Task prompt:
Records follow. Print exactly the lines from the one that has "Photograph of Robert" through the one that has "Piercing nombril anneau", inclusive, and omit the pictures.

Task inputs:

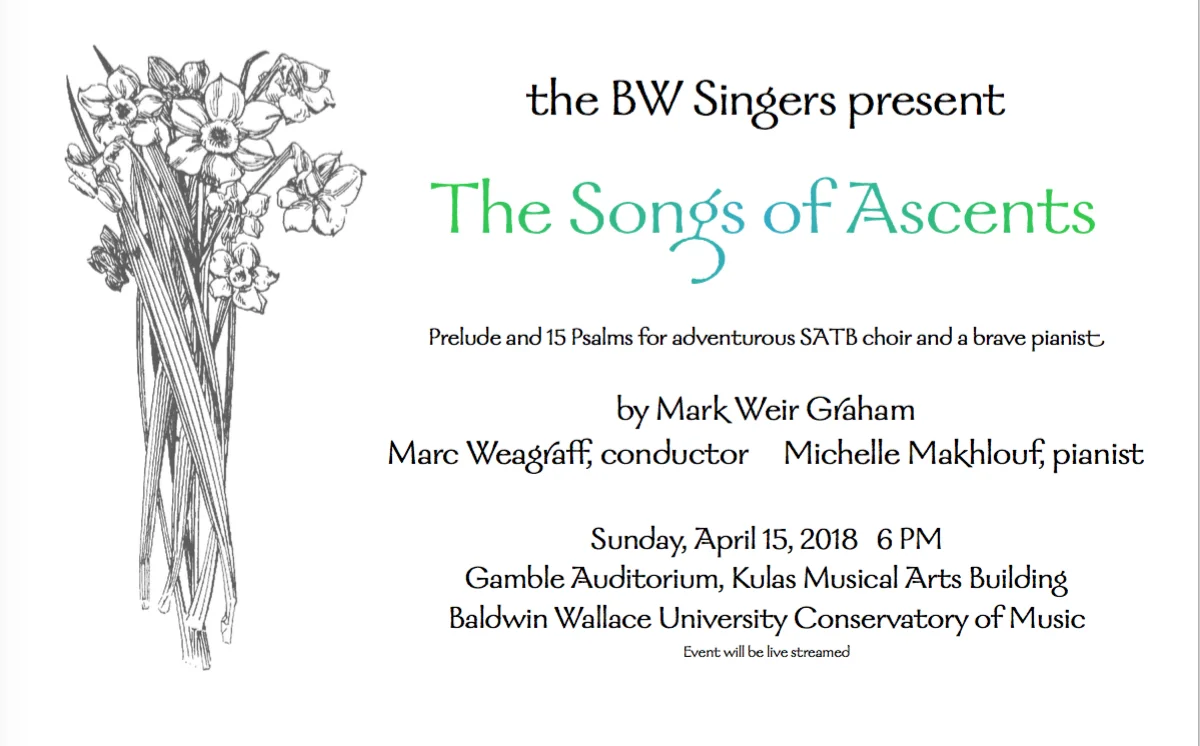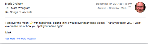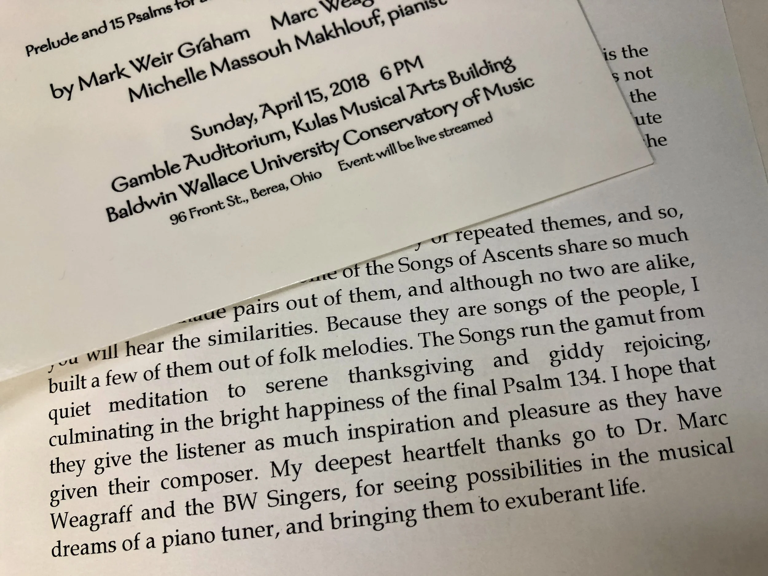 I got two responses. One was from Dr. John Drotleff, who directs the West Shore Chorale here. He gave me some concrete suggestions, and plenty of positive encouragement. The pieces are quite difficult, and are really only suited for ensembles that have ample training and rehearsal time. And then, in December 2017 I got this email from Dr. Marc Weagraff at Baldwin Wallace University Conservatory of Music, my own figurative back yard.
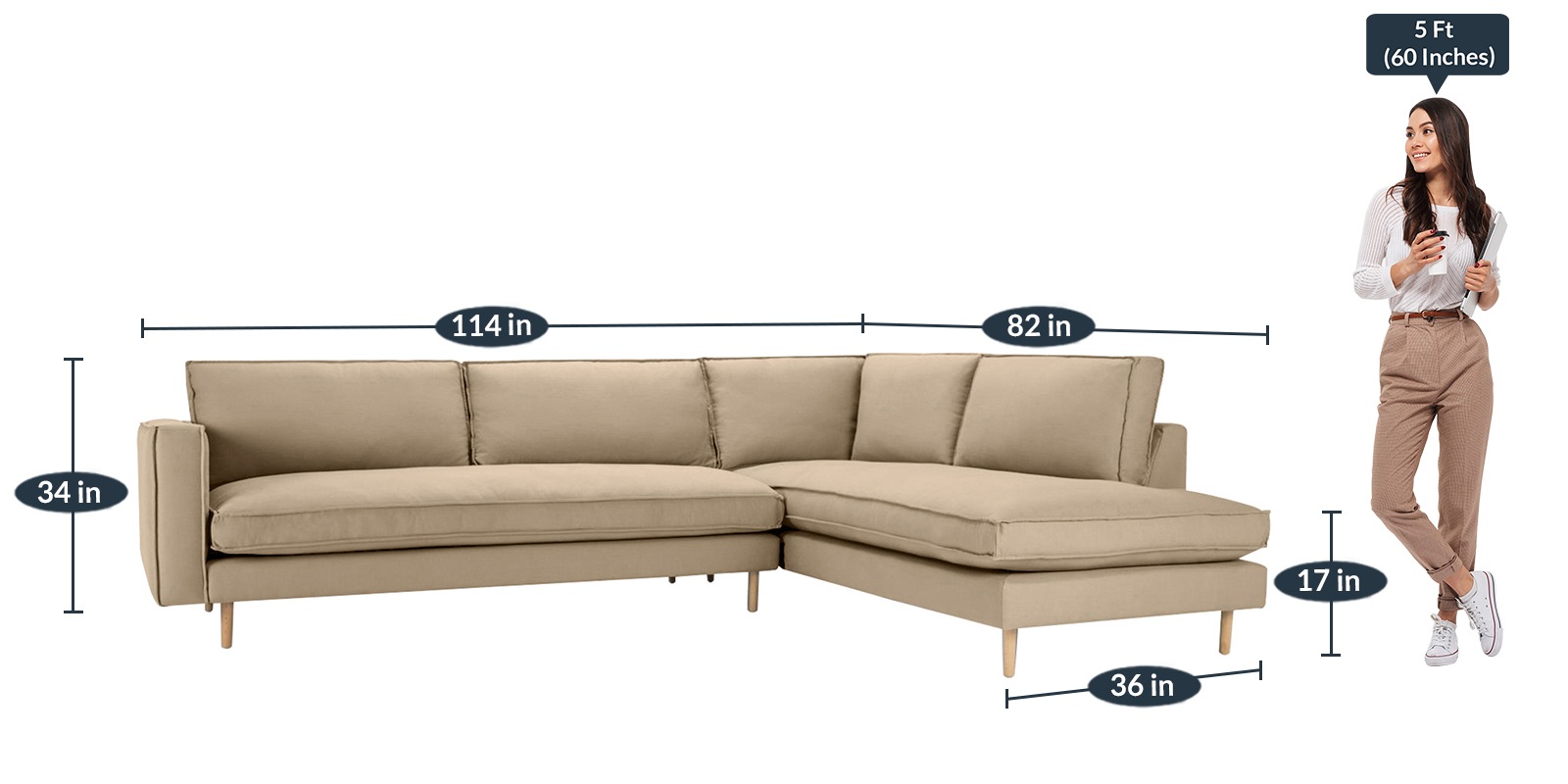 When you clearly display your classy taste and an eye for design, this sectional sofa in beige colour by Dreamzz Furniture is a result of looking at it in an unconventional way. Salwood frame with Teakwood legs provides durability & integrity while the simple look with filled cushions give this sectional sofa an indulgent feel.
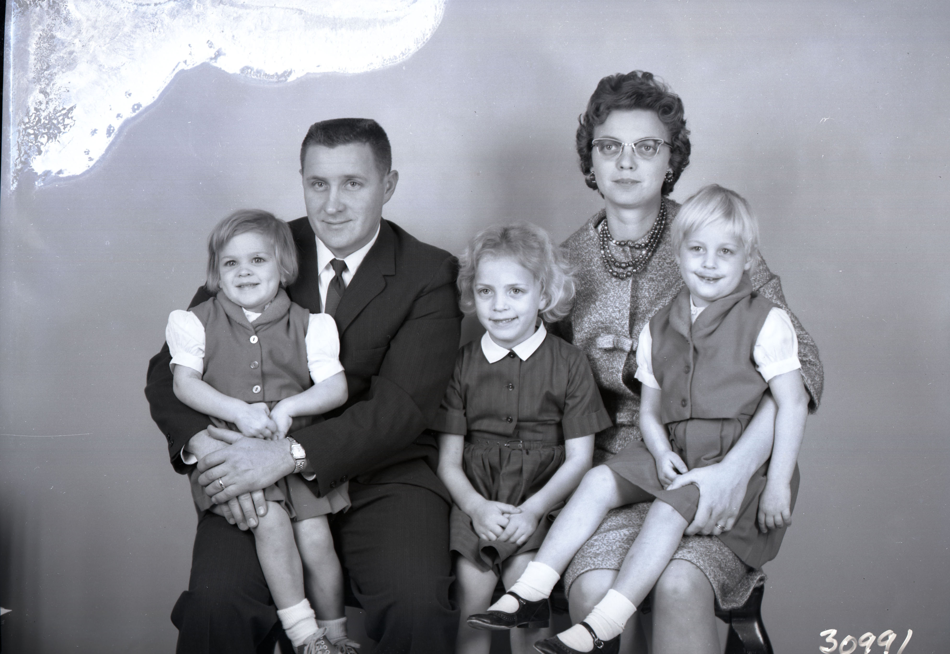 Photograph of Robert Irvin "Bobby" Windle and his first wife, Mary Ann (Artz) Windle, seated with their three young daughters.
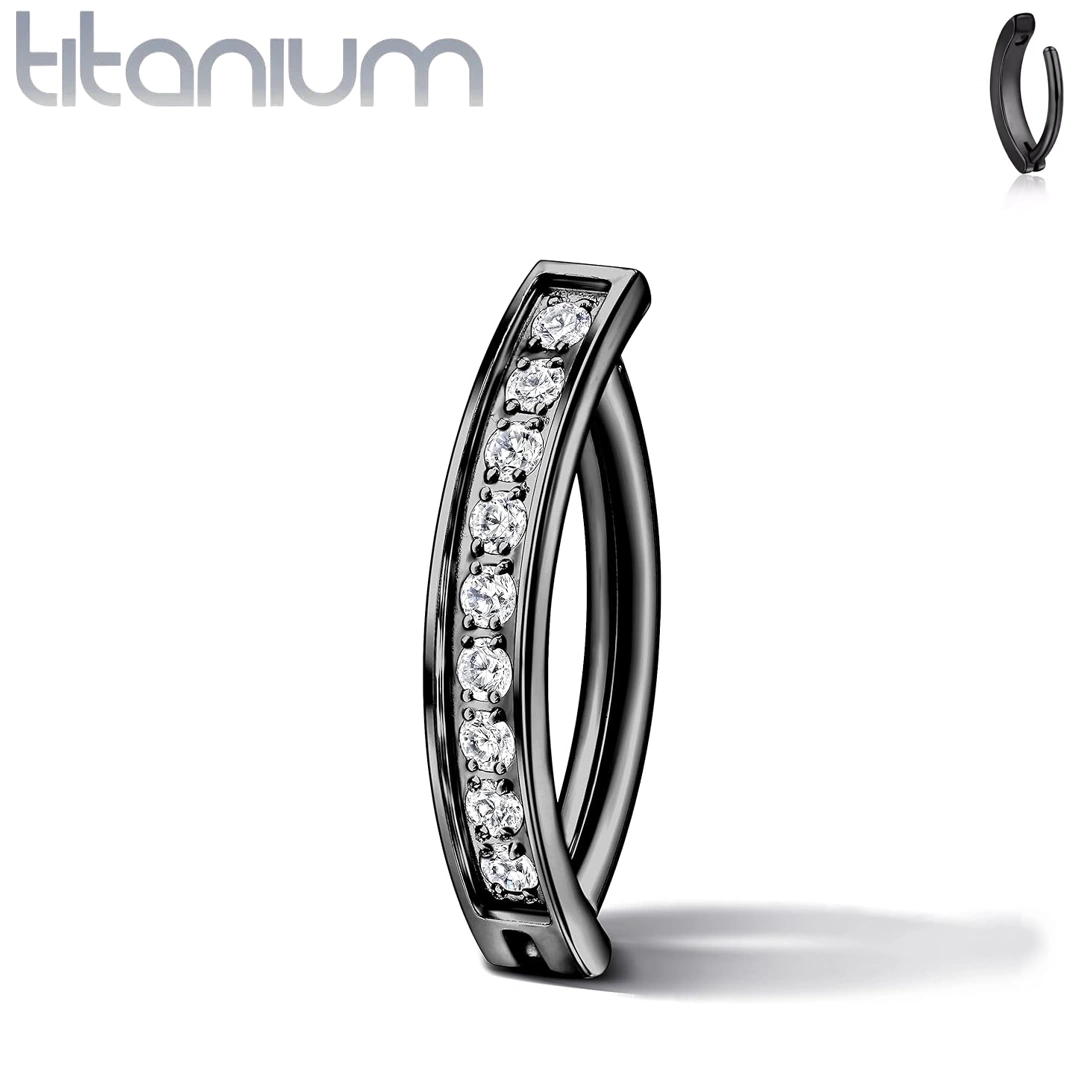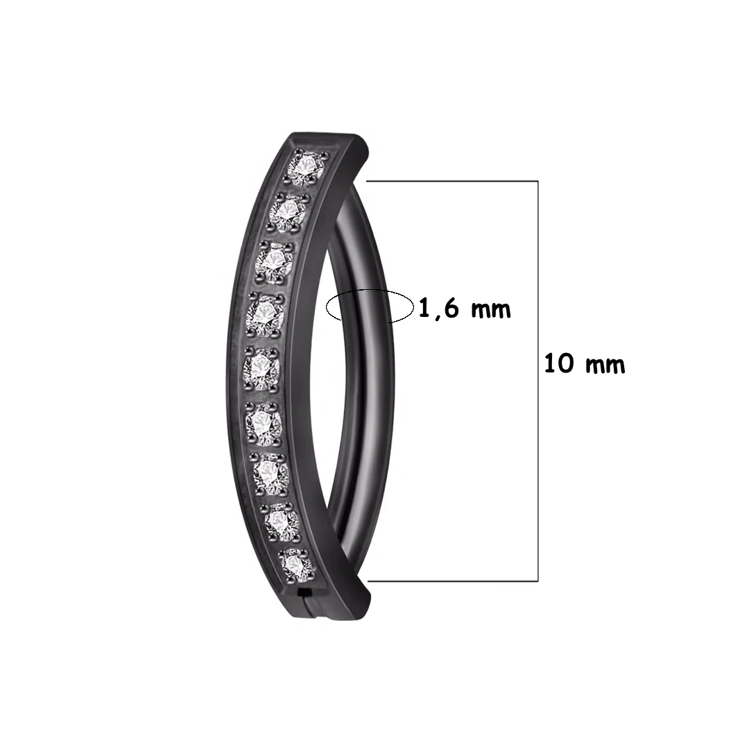 Piercing nombril anneau clicker semi-plat en titane anodisé noir, barrette courbée avec 9 zircons étincelants. Élégance sombre et confort assuré.
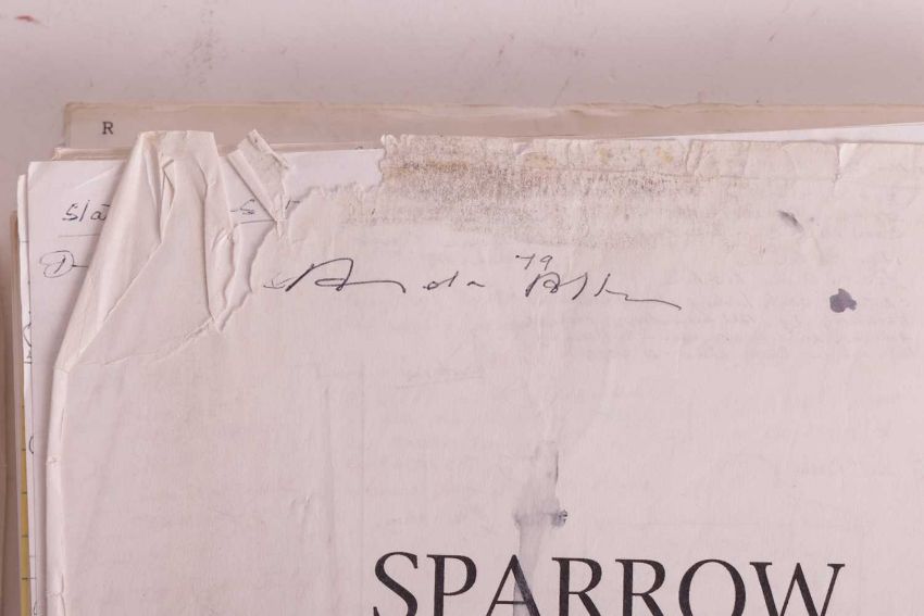 Sparrow (1993) Original Production Script by Allan Baker and Franco Zeffirelli, based on the novella ‘Storia di una capinera’ by Giovanni Verga, Signed by Angela Allen, unbound, 102-pages on white sheets, extensively annotated by Angela in ink throughout, 22 x 30cm; together with, a Call sheet, Signed in blue ink by Angela Allen, Italian and English text, dated 31 Maggio 1993; together with, a small group of Daily Production Information and Sequence Order sheets, May-June 1993. (2)
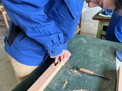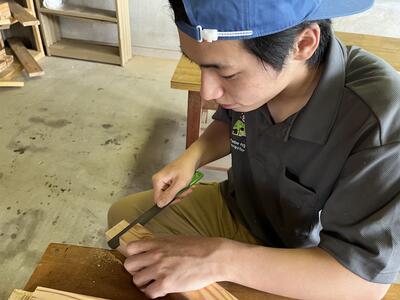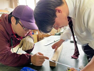 山川先生にさしがねの持ち方、測り方、線の引き方に加え、のこぎりの使い方を学びました
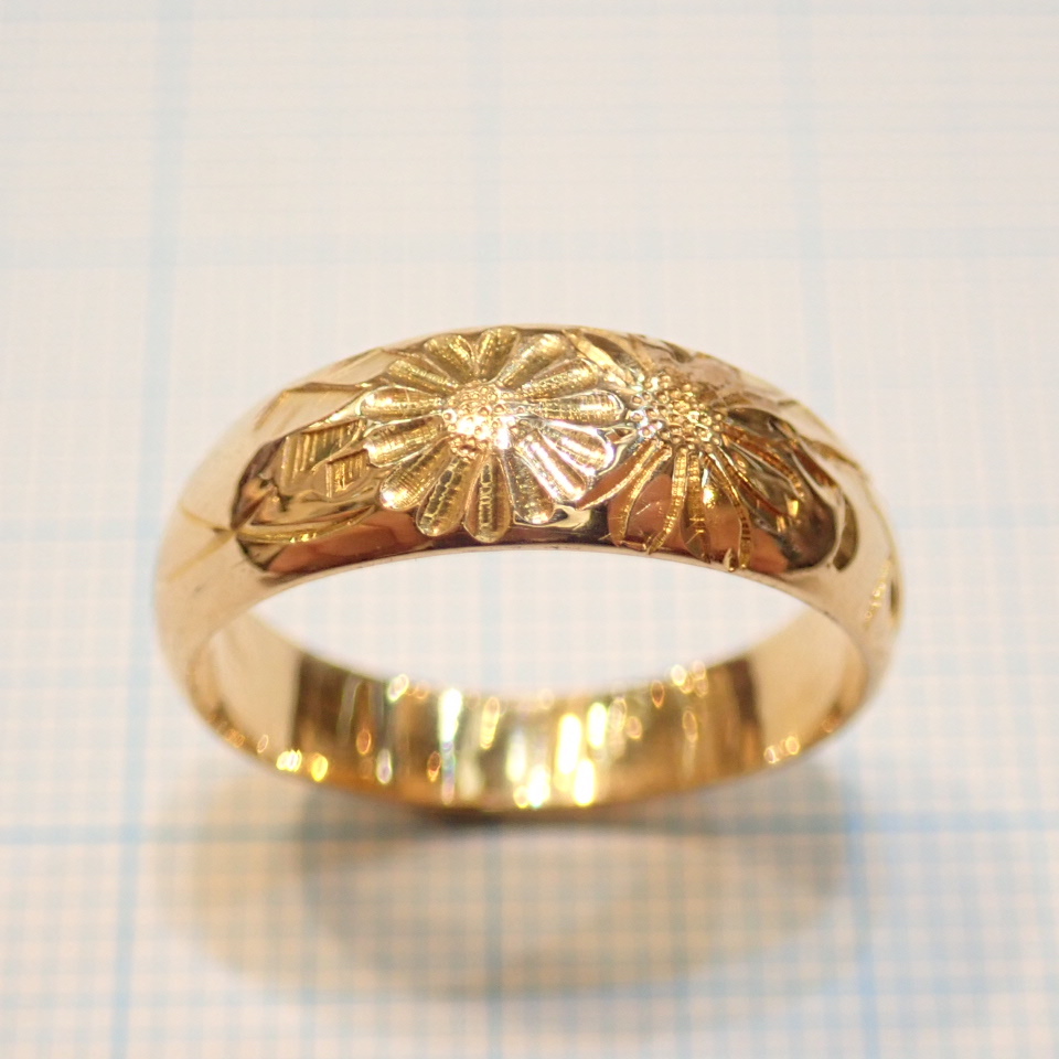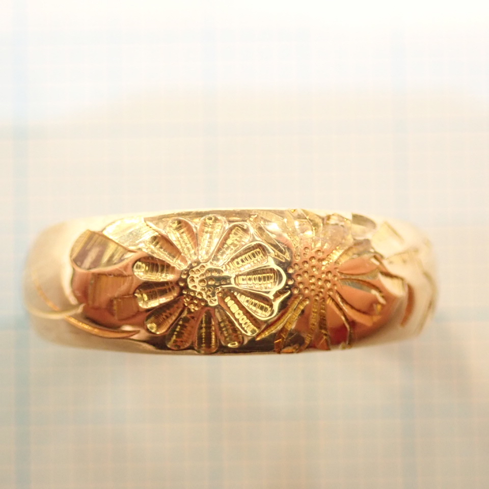 彫りは指輪の上部分に彫っており、熟練の職人技が光る彫刻が魅力の一品です。

Result:
 Photograph of Robert Irvin "Bobby" Windle and his first wife, Mary Ann (Artz) Windle, seated with their three young daughters.
 Piercing nombril anneau clicker semi-plat en titane anodisé noir, barrette courbée avec 9 zircons étincelants. Élégance sombre et confort assuré.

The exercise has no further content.